The various ways I gained official access to the Guildhouse amused Meryl. “The hearing. I’m scheduled to testify.”
She dropped her head back and stared at the ceiling. Not amused. “I did yesterday. They want me back tomorrow.”
“It didn’t go well, I take it.”
She rocked her head back and forth. “Ceridwen’s a pompous bitch. She said she didn’t like my attitude.”
I compressed my lips. Meryl didn’t take criticism well. Since she was already annoyed, I figured I might as well say what I had been wanting to say for the last couple of weeks. “You’re hardly known as Miss Congeniality around here.”
She scowled. “It’s a job, not a beauty pageant.”
“So quit.”
She sighed again. “I would, but I like the job. I stupidly keep thinking one of these days this place will recognize me for what I do and not be so damned political. The last thing I want to hear right now is that I’m cranky to work with.”
I picked up a paper clip and tossed it at her. “You have been cranky lately.”
She tilted her head forward, a healthy anger storm building in her eyes. “Lately? You mean lately, like since I was possessed by a drys and let it die and thought I watched you die and then thought I was going to die? That kind of lately? Or are we just talking this week?”

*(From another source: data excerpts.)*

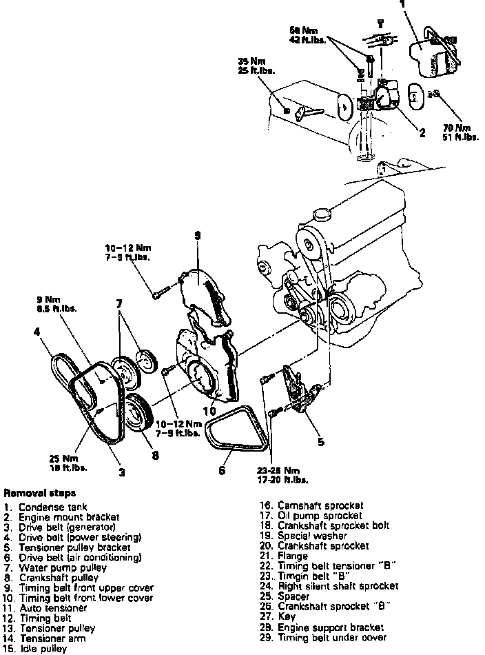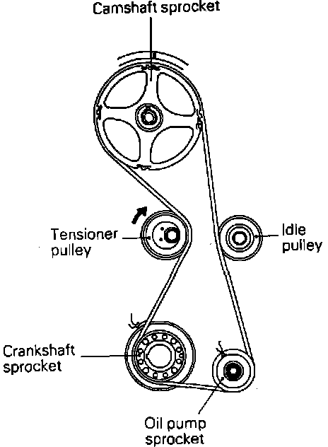 8. Mark rotational direction on timing belt B prior to removal.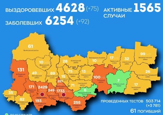 По-прежнему ковид находят и во многих районах. В Вологодском 4 новых заразившихся, в Белозерском и Сокольском районах - по 3, в Вашкинском, Великоустюгском, Верховажском и Тотемском - по 2, в Череповецком, Шекснинском, Тарногском и Сямженском районах - по 1.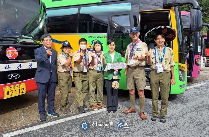 군은 잼버린 대회에서 고생한 대원들을 맞이하기 위해 지역사회가 한마음 한뜻으로 힘을 모았다.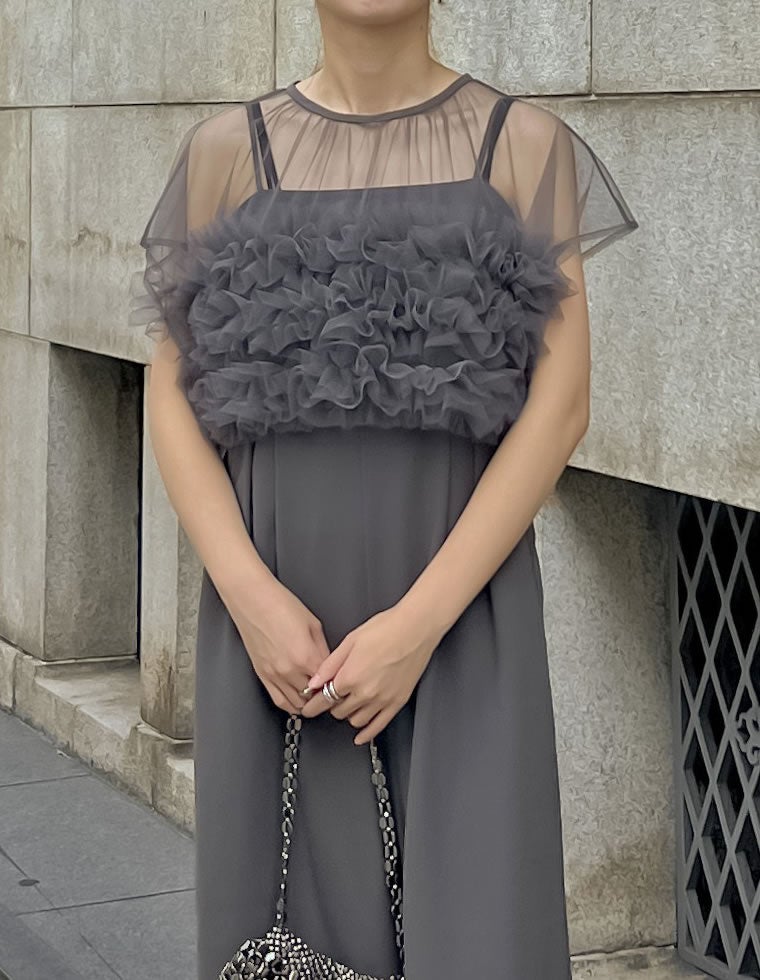 シアー感のあるチュール素材が大人フェミニンな魅力を演出するオールインワン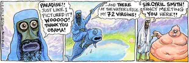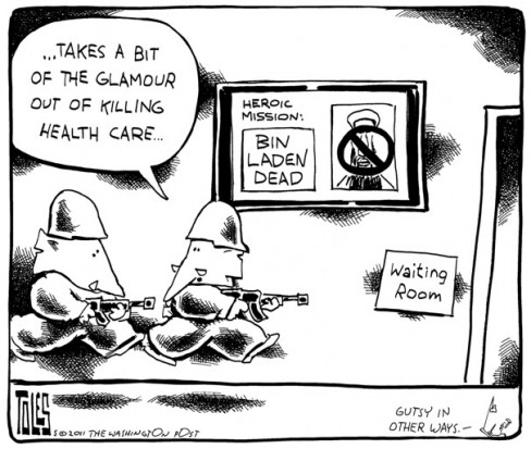 Gene adds: Washington Post cartoonist Tom Toles, somewhat more cleverly, used the killing of bin Laden to take a shot at the Republican position on health care. Sure to make all the right people sputter.

I felt a flush of heat. Between her words and the exhaustion in her voice, I didn’t know what to say. Nothing bothered Meryl. Actually, everything bothered Meryl, but nothing usually penetrated. We made sarcastic jokes about Forest Hills. I didn’t realize what lurked behind the jokes. “Meryl, I’m sorry. I thought you were talking about work. I wasn’t considering what you went through.”
She shook her head. “You don’t remember it, Grey. It sucked. Now I have Briallen bitching at me, and Ceridwen prying into stuff that’s none of her business.”
A drys was a tree spirit, one druids held sacred, assuming their philosophy went in the way of worship. I wasn’t so sure it was a demigoddess, but it was powerful and humbling. I did remember Meryl’s being possessed by the drys. She looked amazing. She looked powerful. And scary. Then a cloud descended over my memory. I don’t know what happened after that until I woke up with my face in the dirt. “I don’t believe you let the drys die. Whatever happened, happened because it needed to.”
She shook her head. “You don’t remember it.”
I leaned forward. “I don’t need to. You would never have done anything that drastic if it could have been avoided. You did what needed to be done. I believe that.”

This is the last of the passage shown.